The answer should reproduce every entry exactly and contain no images.
┄┄┄┄┄┄┄┄┄┄┄┄┄┄┄┄┄┄┄┄
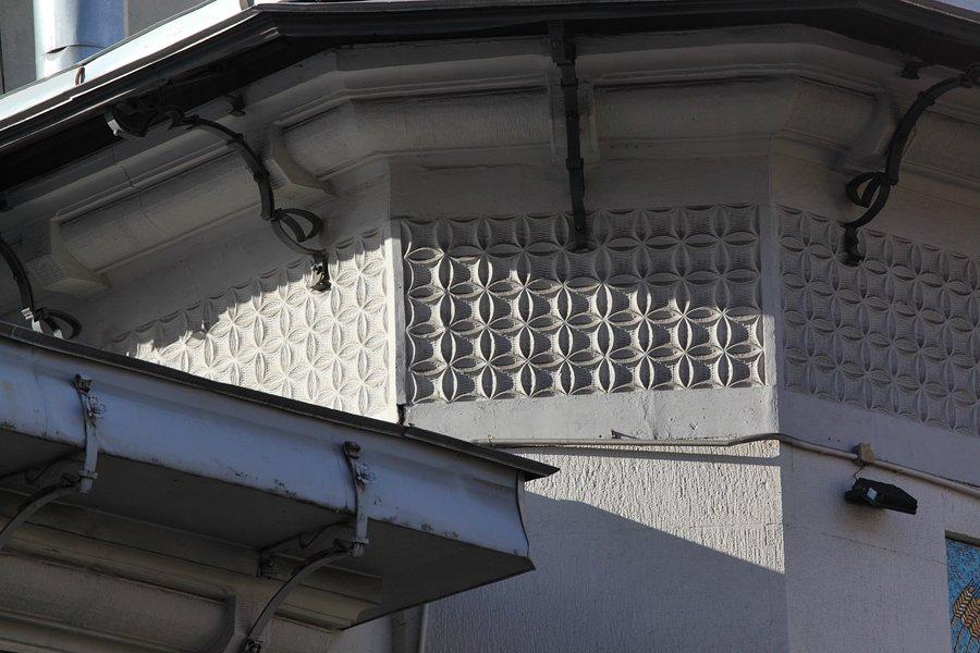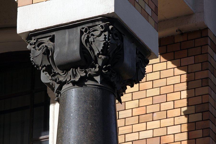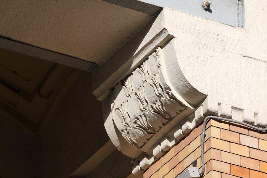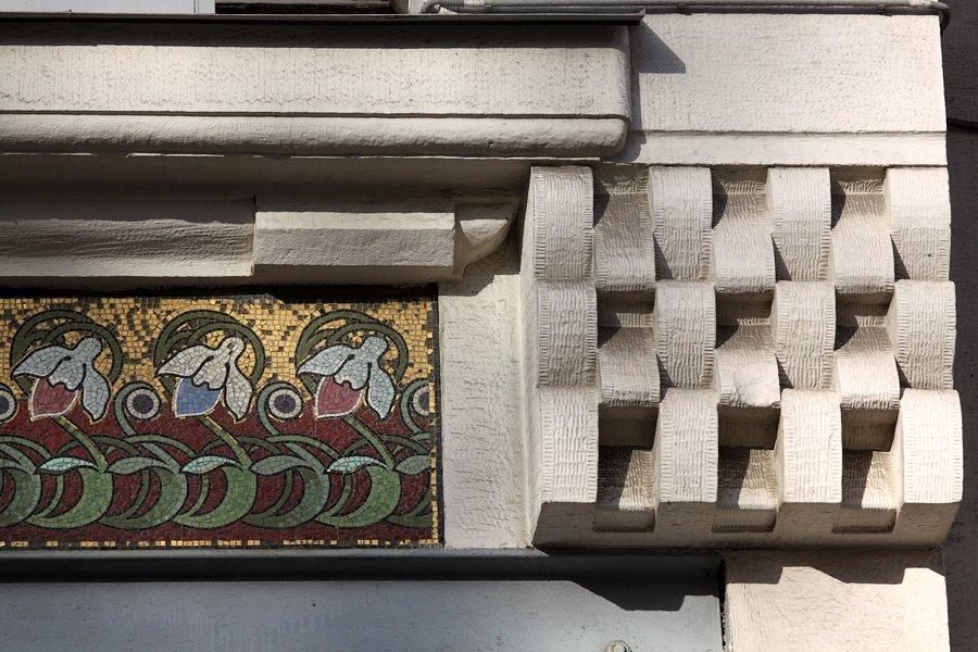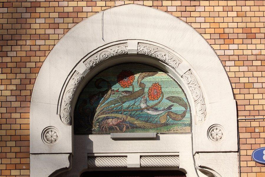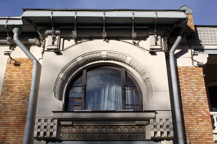 Небольшой, отделанный желтоватым тарусским мрамором и плиткой, особняк, с оригинальной угловой лоджией, выделяется своим мозаичным декором – панно над главным входом, с изображением подводного царства, и цветочным фризом. Панно было создано еще одним выдающимся мастером модерна – архитектором Вильямом Валькотом, о чем свидетельствует его авторская подпись в нижнем углу – латинские буквы W.W.
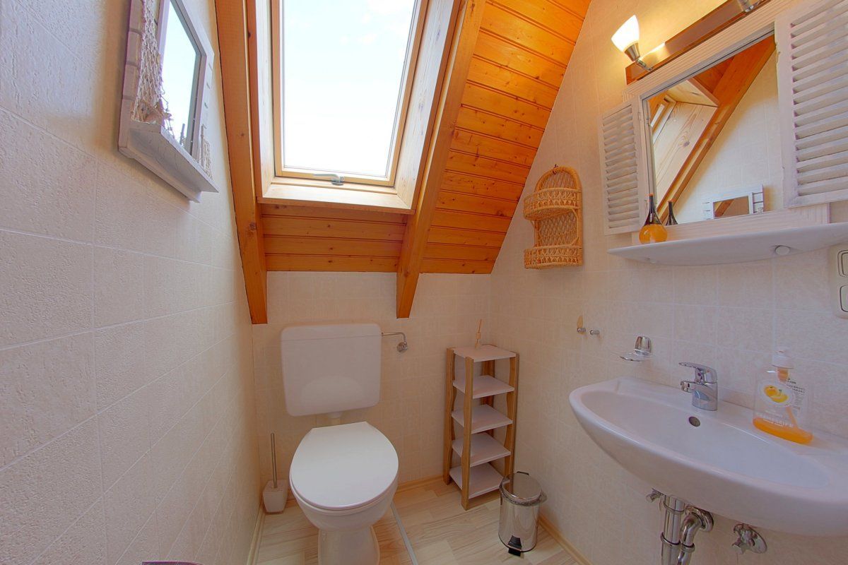 Im oberen Bereich finden Sie ein Schlafzimmer mit Doppelbett und TV, sowie ein Schlafzimmer mit 1 Einzelbett und einem französischen Bett. Babyreisebett und Hochstuhl finden Sie ebenfalls im Haus. Ein zusätzliches WC mit Waschbecken ebenfalls.
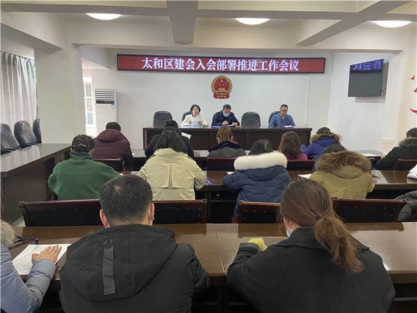 会议由太和区总工会副主席杨森主持,传达了省、市工会建会入会工作要求,并强调建会入会和实名制录入工作不仅是工会的重点工作也是工会的常态化工作,各街道及园区一定高度重视,共同推动建会入会和基层工会组织规范化建设工作顺利进行。太和区总工会党组书记、副主席鲁文超宣读了《太和区推进建会入会工作实施方案》,明确了各街道任务分工,落实主体责任,并要求各街道要坚持实事求是的原则,彻底摸清底数,推进建会入会工作。
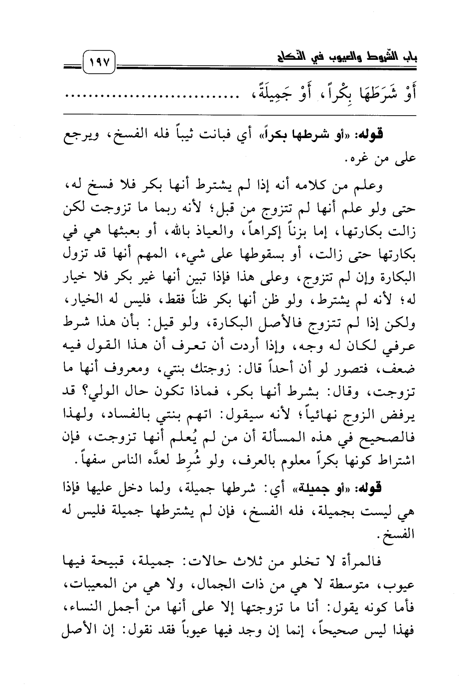 أَوْ شَرَطَهَا بِكْراً، أَوْ جَمِيلَةً، أَوْ نَسِيبَةً، أَوْ نَفْيَ عَيْبٍ لاَ يَنْفَسِخُ بِهِ النِّكَاحُ فَبَانَتْ بِخِلاَفِهِ فَلَهُ الفَسْخُ، .........
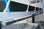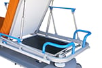 - Corrimões bilaterais plegables com enclave automático de segurança e proteção anti choque. Rodadura com 4 rodas de 200 mm., carenado plástico, com travão total simultâneo centralizado e roda servo direcional, acionado a ambos lados de marquesa, com sistema de quinta roda conductiva de 125 mm. com amortiguación. Conexão equipotencial. Asideros de empurre em cabeceira ergonómicos, 4 roldanas paragolpes e bandas anti rozaduras laterais.
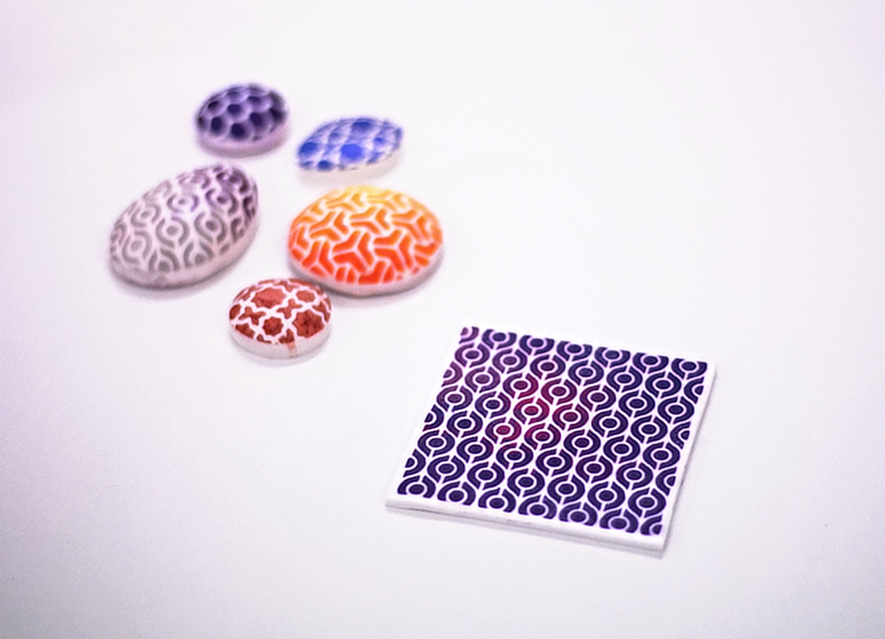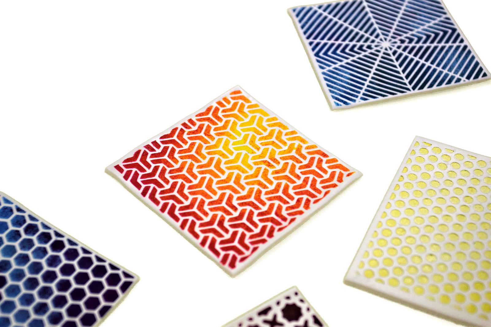 7. Následně můžeme z plátu pomocí vykrajovátek vykrojit tvary, ze kterých vytvoříme šperky, magnety na lednici, obkladačky (ty by bylo třeba překrýt průhlednou dvousložkovou pryskyřicí, která vytvoří ochrannou vrstvu) a další výrobky. Fantazii se meze nekladou (foto).
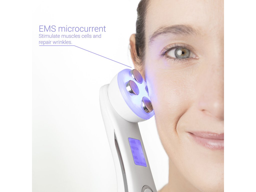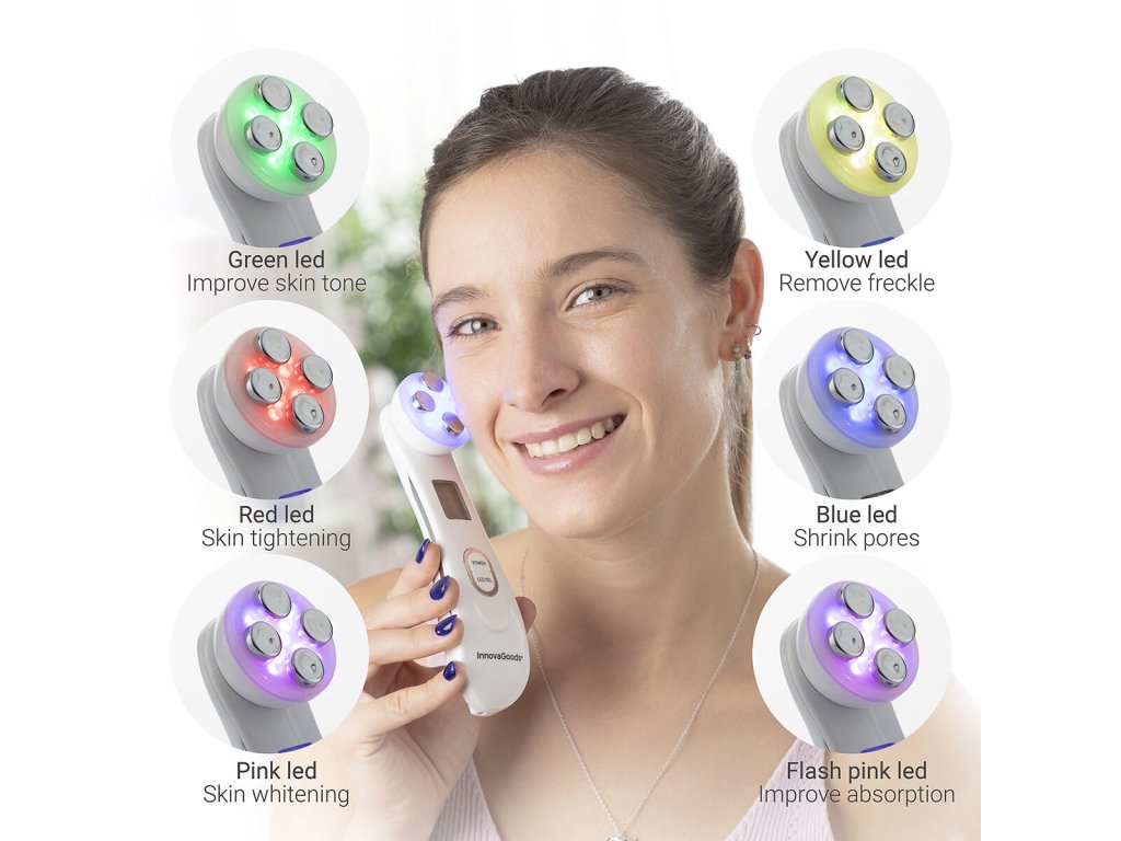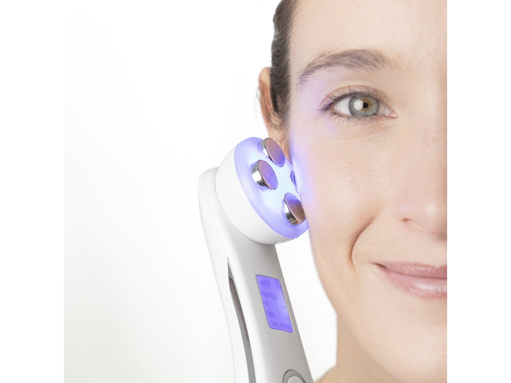 Masážny prístroj na tvár Wace od InnovaGoods je navrhnutý na komplexnú starostlivosť o pleť prostredníctvom pokročilej trojkombinácie terapií: rádiofrekvencie (RF), fototerapie a elektrostimulácie (EMS). Počas fototerapeutického ošetrenia si môžete vybrať zo 6 režimov LED svetla s rôznymi funkciami a účinkami na pokožku. Rádiofrekvenčné a elektrostimulačné ošetrenia (RF/EMS) s 5 úrovňami intenzity pracujú spolu so zvolenou svetelnou terapiou, aby sa dostali do najhlbších vrstiev pokožky. Na dosiahnutie optimálnych výsledkov by mala byť pokožka predtým dôkladne vyčistená a na posilnenie účinkov by sa mal použiť obvyklý krém/sérum. Odporúča sa používať maximálne 10 minút denne.
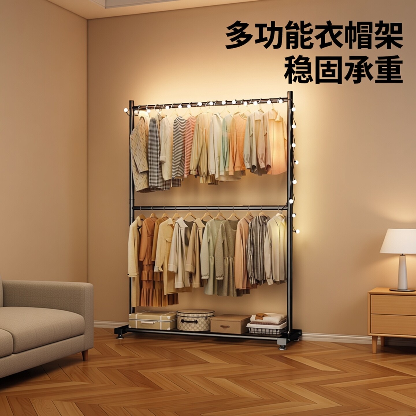 卧室双层落地衣帽架家用床边可移动挂衣架简易放衣服的神器晾衣架
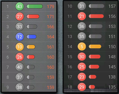 빨강색은 15주간 미출현 번호, 흰색은 10주간 미출현, 나머지는 5주 미출현 번호 입니다.
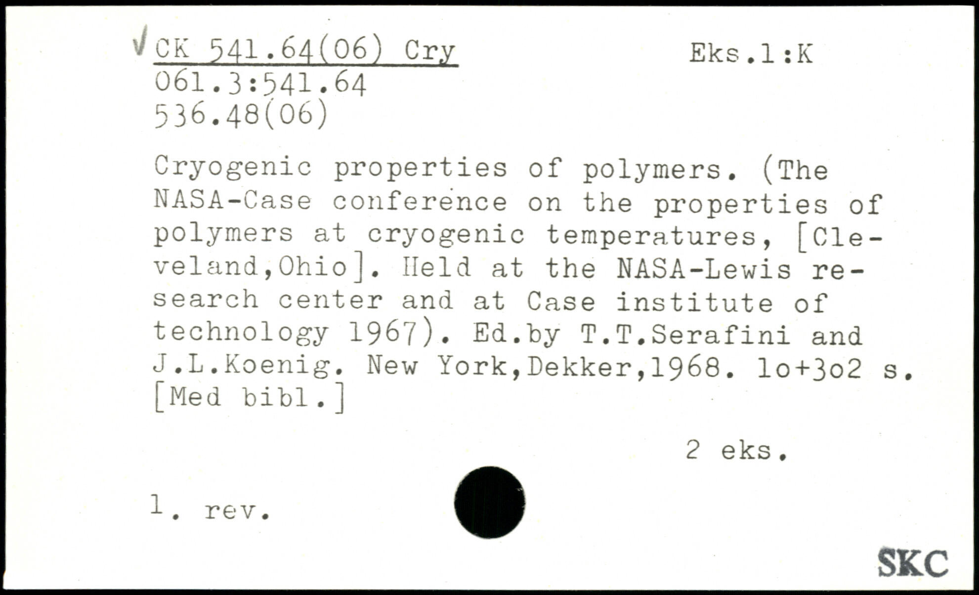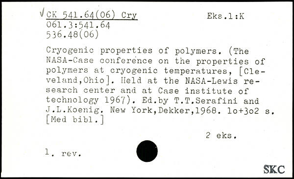 Cryogenic properties of polymers. (The NASA-Case coiiference on the properties of polymers at cryogenic temperatures, [Cleveland , Ohio ]. Held at the NASA-Lewis research center and at Case institute of technology 1967). Ed.by T.T.Serafini and J.L.Koenig.
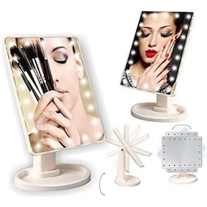 Espelho de maquiagem com 16 leds touch usb botão touch Espelho de mesa articulável para makes com 16 leds botão touch Espelho de mesa giratório, com botão smart touch, possui base para guardar seus acessórios, botão com liga/desliga, cabo usb e compartimento para 4 pilhas. Ideal para maquiagem, limpeza de pele, colocação de , iluminação perfeita para seus momentos de make e skin care. Através da iluminação via 16 lâmpadas led, a pele fica muito mais iluminada e melhor definida. O mesmo gira 180º graus para que você obtenha um ângulo perfeito de visualização de seu rosto. O espelho funciona com pilha, e também conectado no cabo usb não acompanha fonte . Alimentação: 4 pilhas aa não inclusas ou cabo usb. Dimensões do espelho: 22x16cm Peso: 385g Composição do material: polipropileno Sistema: 180º graus. Itens inclusos: 1 espelho 1suporte 1cabo usb Marca: Não Informado Ean: 7893095628784
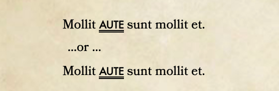Mollit <strong>aute</strong> sunt mollit et.Note that the output is a <strong> tag, not a <b> which in the past was used to indicate “bold”. This is because HTML should be focused on expressing semantic properties rather than stylistic aesthetics. When you are using the strong tag, you are marking that text as important and you are communicating that via a heavier font weight.
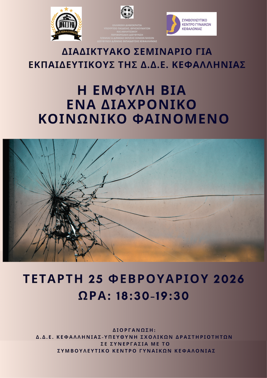Η Διεύθυνση Δευτεροβάθμιας Εκπαίδευσης Κεφαλληνίας δια της Υπεύθυνης Σχολικών Δραστηριοτήτων σε συνεργασία με το Συμβουλευτικό Κέντρο Γυναικών Κεφαλονιάς διοργάνωσαν με επιτυχία το διαδικτυακό σεμινάριο για εκπαιδευτικούς της Δ.Δ.Ε. Κεφαλληνίας, με θέμα:
┄┄┄┄┄┄┄┄┄┄┄┄┄┄┄┄┄┄┄┄
## [Expected output]
 Небольшой, отделанный желтоватым тарусским мрамором и плиткой, особняк, с оригинальной угловой лоджией, выделяется своим мозаичным декором – панно над главным входом, с изображением подводного царства, и цветочным фризом. Панно было создано еще одним выдающимся мастером модерна – архитектором Вильямом Валькотом, о чем свидетельствует его авторская подпись в нижнем углу – латинские буквы W.W.
 Im oberen Bereich finden Sie ein Schlafzimmer mit Doppelbett und TV, sowie ein Schlafzimmer mit 1 Einzelbett und einem französischen Bett. Babyreisebett und Hochstuhl finden Sie ebenfalls im Haus. Ein zusätzliches WC mit Waschbecken ebenfalls.
 会议由太和区总工会副主席杨森主持,传达了省、市工会建会入会工作要求,并强调建会入会和实名制录入工作不仅是工会的重点工作也是工会的常态化工作,各街道及园区一定高度重视,共同推动建会入会和基层工会组织规范化建设工作顺利进行。太和区总工会党组书记、副主席鲁文超宣读了《太和区推进建会入会工作实施方案》,明确了各街道任务分工,落实主体责任,并要求各街道要坚持实事求是的原则,彻底摸清底数,推进建会入会工作。
 أَوْ شَرَطَهَا بِكْراً، أَوْ جَمِيلَةً، أَوْ نَسِيبَةً، أَوْ نَفْيَ عَيْبٍ لاَ يَنْفَسِخُ بِهِ النِّكَاحُ فَبَانَتْ بِخِلاَفِهِ فَلَهُ الفَسْخُ، .........
 - Corrimões bilaterais plegables com enclave automático de segurança e proteção anti choque. Rodadura com 4 rodas de 200 mm., carenado plástico, com travão total simultâneo centralizado e roda servo direcional, acionado a ambos lados de marquesa, com sistema de quinta roda conductiva de 125 mm. com amortiguación. Conexão equipotencial. Asideros de empurre em cabeceira ergonómicos, 4 roldanas paragolpes e bandas anti rozaduras laterais.
 7. Následně můžeme z plátu pomocí vykrajovátek vykrojit tvary, ze kterých vytvoříme šperky, magnety na lednici, obkladačky (ty by bylo třeba překrýt průhlednou dvousložkovou pryskyřicí, která vytvoří ochrannou vrstvu) a další výrobky. Fantazii se meze nekladou (foto).
 Masážny prístroj na tvár Wace od InnovaGoods je navrhnutý na komplexnú starostlivosť o pleť prostredníctvom pokročilej trojkombinácie terapií: rádiofrekvencie (RF), fototerapie a elektrostimulácie (EMS). Počas fototerapeutického ošetrenia si môžete vybrať zo 6 režimov LED svetla s rôznymi funkciami a účinkami na pokožku. Rádiofrekvenčné a elektrostimulačné ošetrenia (RF/EMS) s 5 úrovňami intenzity pracujú spolu so zvolenou svetelnou terapiou, aby sa dostali do najhlbších vrstiev pokožky. Na dosiahnutie optimálnych výsledkov by mala byť pokožka predtým dôkladne vyčistená a na posilnenie účinkov by sa mal použiť obvyklý krém/sérum. Odporúča sa používať maximálne 10 minút denne.
 卧室双层落地衣帽架家用床边可移动挂衣架简易放衣服的神器晾衣架
 빨강색은 15주간 미출현 번호, 흰색은 10주간 미출현, 나머지는 5주 미출현 번호 입니다.
 Cryogenic properties of polymers. (The NASA-Case coiiference on the properties of polymers at cryogenic temperatures, [Cleveland , Ohio ]. Held at the NASA-Lewis research center and at Case institute of technology 1967). Ed.by T.T.Serafini and J.L.Koenig.
 Espelho de maquiagem com 16 leds touch usb botão touch Espelho de mesa articulável para makes com 16 leds botão touch Espelho de mesa giratório, com botão smart touch, possui base para guardar seus acessórios, botão com liga/desliga, cabo usb e compartimento para 4 pilhas. Ideal para maquiagem, limpeza de pele, colocação de , iluminação perfeita para seus momentos de make e skin care. Através da iluminação via 16 lâmpadas led, a pele fica muito mais iluminada e melhor definida. O mesmo gira 180º graus para que você obtenha um ângulo perfeito de visualização de seu rosto. O espelho funciona com pilha, e também conectado no cabo usb não acompanha fonte . Alimentação: 4 pilhas aa não inclusas ou cabo usb. Dimensões do espelho: 22x16cm Peso: 385g Composição do material: polipropileno Sistema: 180º graus. Itens inclusos: 1 espelho 1suporte 1cabo usb Marca: Não Informado Ean: 7893095628784
Mollit <strong>aute</strong> sunt mollit et.Note that the output is a <strong> tag, not a <b> which in the past was used to indicate “bold”. This is because HTML should be focused on expressing semantic properties rather than stylistic aesthetics. When you are using the strong tag, you are marking that text as important and you are communicating that via a heavier font weight.
Η Διεύθυνση Δευτεροβάθμιας Εκπαίδευσης Κεφαλληνίας δια της Υπεύθυνης Σχολικών Δραστηριοτήτων σε συνεργασία με το Συμβουλευτικό Κέντρο Γυναικών Κεφαλονιάς διοργάνωσαν με επιτυχία το διαδικτυακό σεμινάριο για εκπαιδευτικούς της Δ.Δ.Ε. Κεφαλληνίας, με θέμα:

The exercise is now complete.